--- WHAT NEEDS TO BE DONE ---
When you reach the line with "Les boucles d’oreilles" in the data below, begin printing lines exactly, and stop once the line with "2010中国企业500强中,国有企业、民" has been printed.

--- EXTRACTED ENTRIES ---

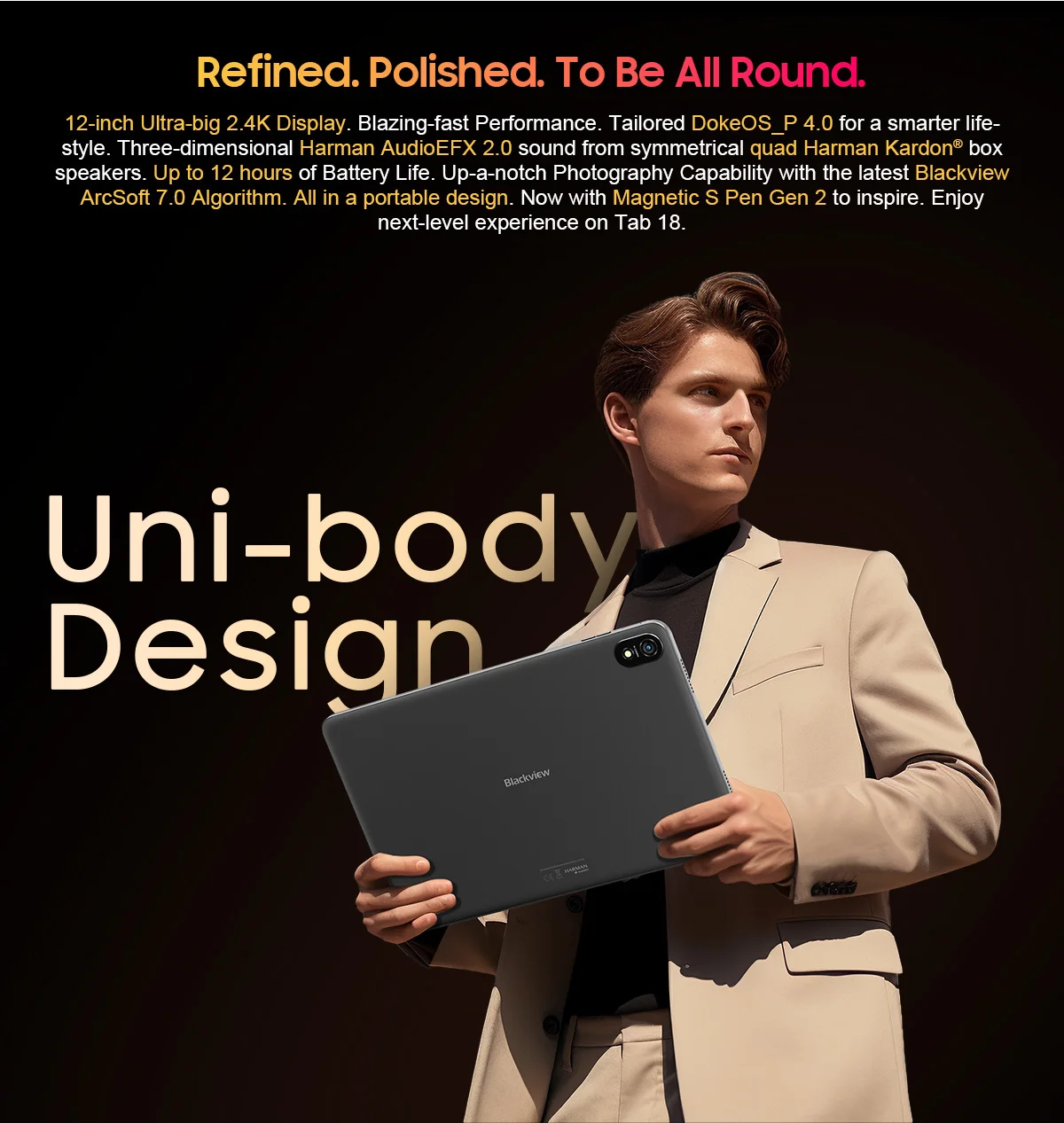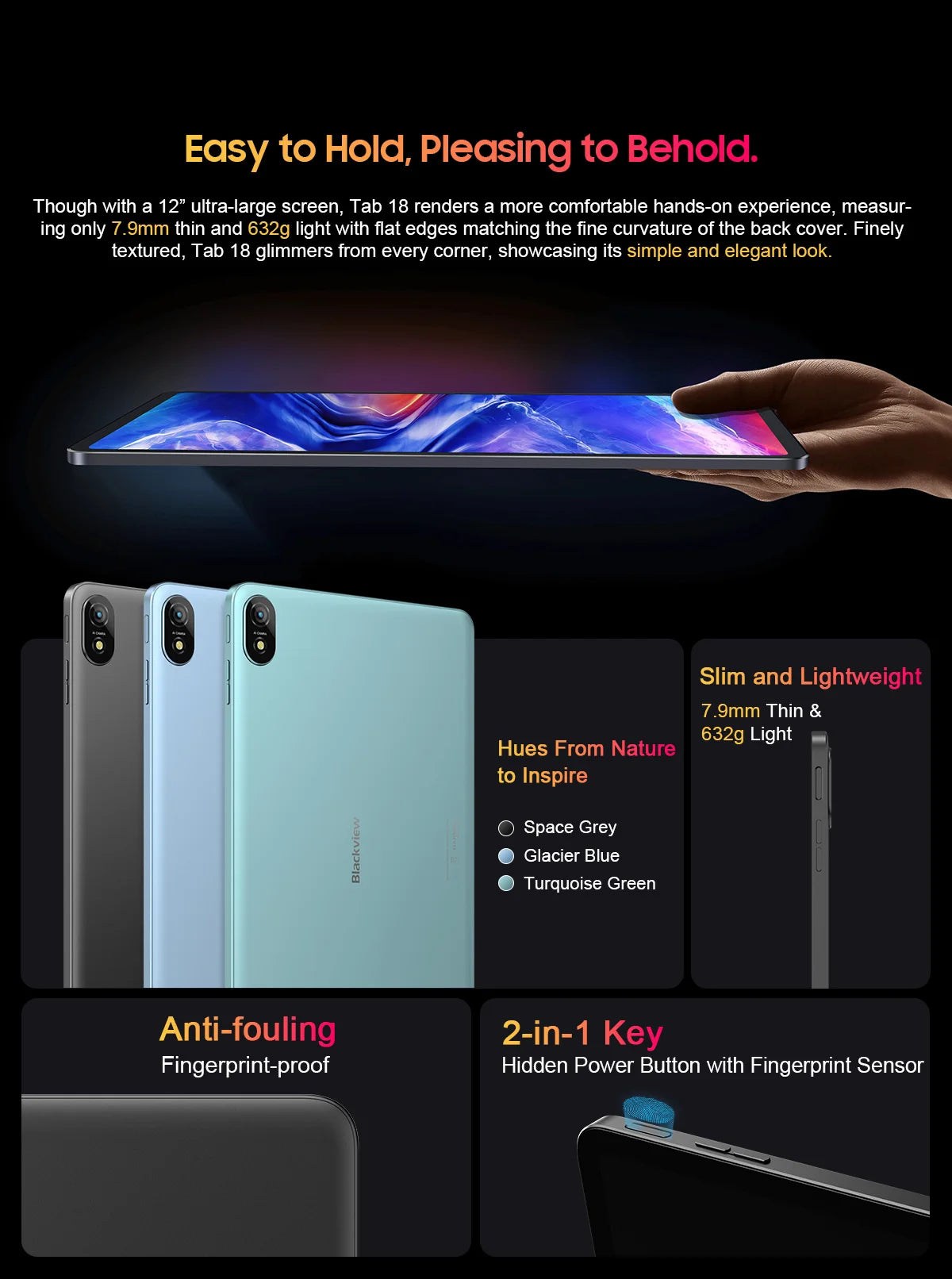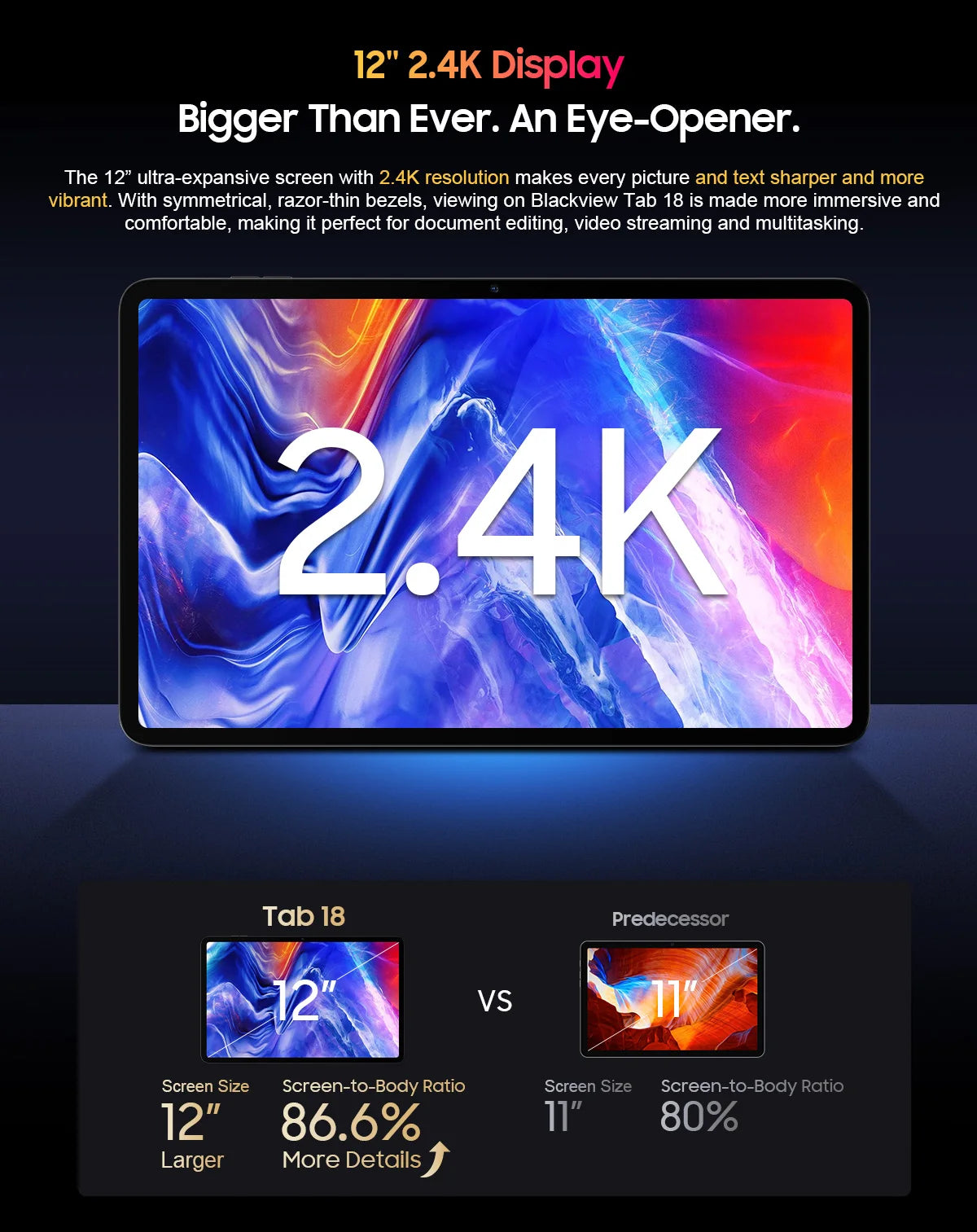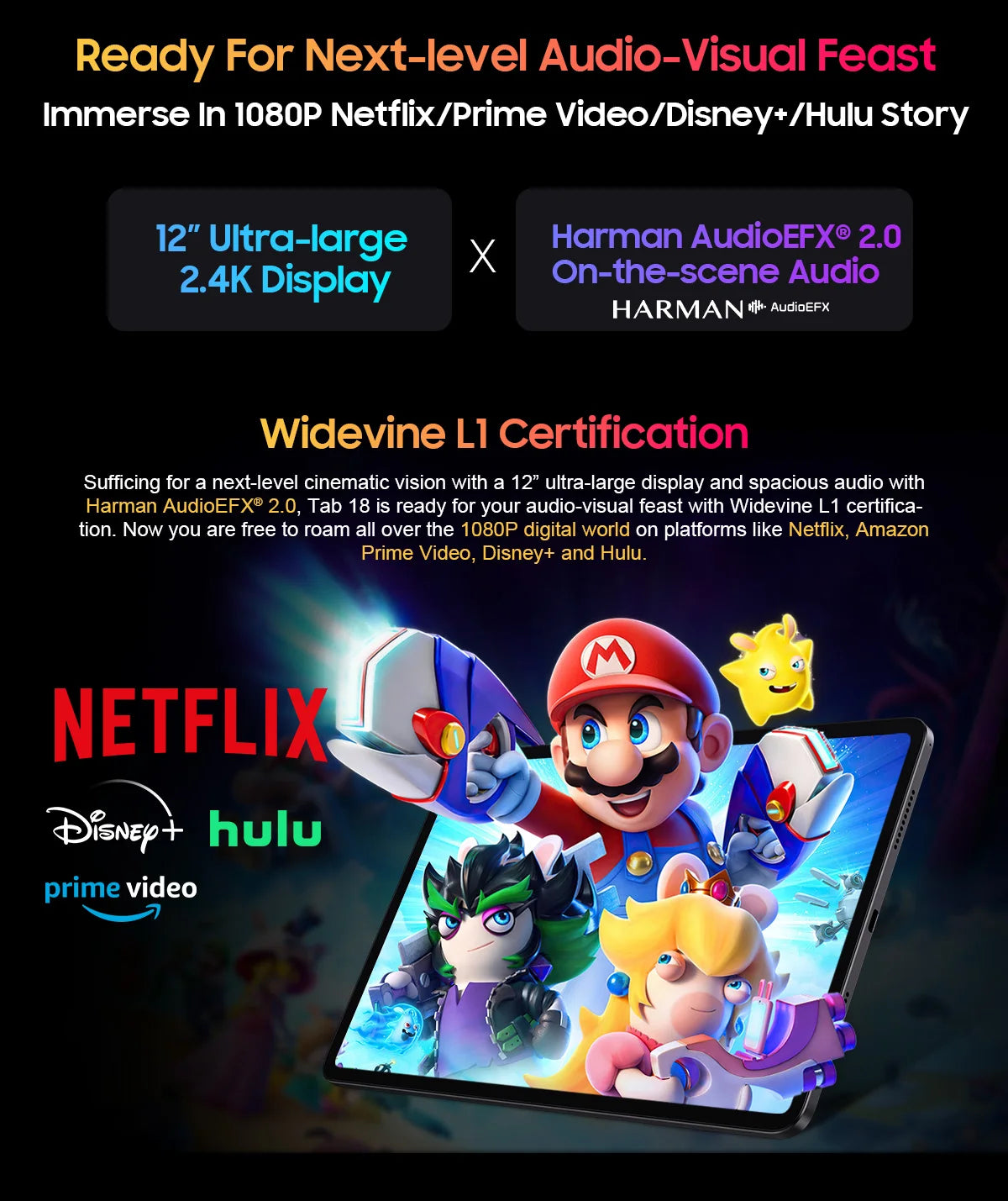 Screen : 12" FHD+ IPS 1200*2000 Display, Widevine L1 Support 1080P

* * *

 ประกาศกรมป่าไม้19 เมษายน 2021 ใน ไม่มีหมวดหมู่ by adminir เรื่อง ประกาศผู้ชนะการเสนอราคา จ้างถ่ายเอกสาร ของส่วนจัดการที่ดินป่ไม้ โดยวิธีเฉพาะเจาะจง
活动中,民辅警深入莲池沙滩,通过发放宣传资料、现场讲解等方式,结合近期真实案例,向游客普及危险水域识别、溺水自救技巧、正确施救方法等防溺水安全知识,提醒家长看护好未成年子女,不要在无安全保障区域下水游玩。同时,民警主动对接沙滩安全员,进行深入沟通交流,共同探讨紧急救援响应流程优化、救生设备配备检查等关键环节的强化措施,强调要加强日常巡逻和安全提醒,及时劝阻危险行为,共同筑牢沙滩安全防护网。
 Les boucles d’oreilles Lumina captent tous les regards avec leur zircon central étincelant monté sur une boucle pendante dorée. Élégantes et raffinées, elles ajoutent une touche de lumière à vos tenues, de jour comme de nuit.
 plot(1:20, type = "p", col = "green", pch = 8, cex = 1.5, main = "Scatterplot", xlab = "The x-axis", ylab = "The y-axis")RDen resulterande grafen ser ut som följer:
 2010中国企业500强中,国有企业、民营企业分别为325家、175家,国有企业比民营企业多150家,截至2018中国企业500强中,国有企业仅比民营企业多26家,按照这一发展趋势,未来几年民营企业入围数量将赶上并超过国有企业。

--- TASK OUTPUT ---
 Les boucles d’oreilles Lumina captent tous les regards avec leur zircon central étincelant monté sur une boucle pendante dorée. Élégantes et raffinées, elles ajoutent une touche de lumière à vos tenues, de jour comme de nuit.
 plot(1:20, type = "p", col = "green", pch = 8, cex = 1.5, main = "Scatterplot", xlab = "The x-axis", ylab = "The y-axis")RDen resulterande grafen ser ut som följer:
 2010中国企业500强中,国有企业、民营企业分别为325家、175家,国有企业比民营企业多150家,截至2018中国企业500强中,国有企业仅比民营企业多26家,按照这一发展趋势,未来几年民营企业入围数量将赶上并超过国有企业。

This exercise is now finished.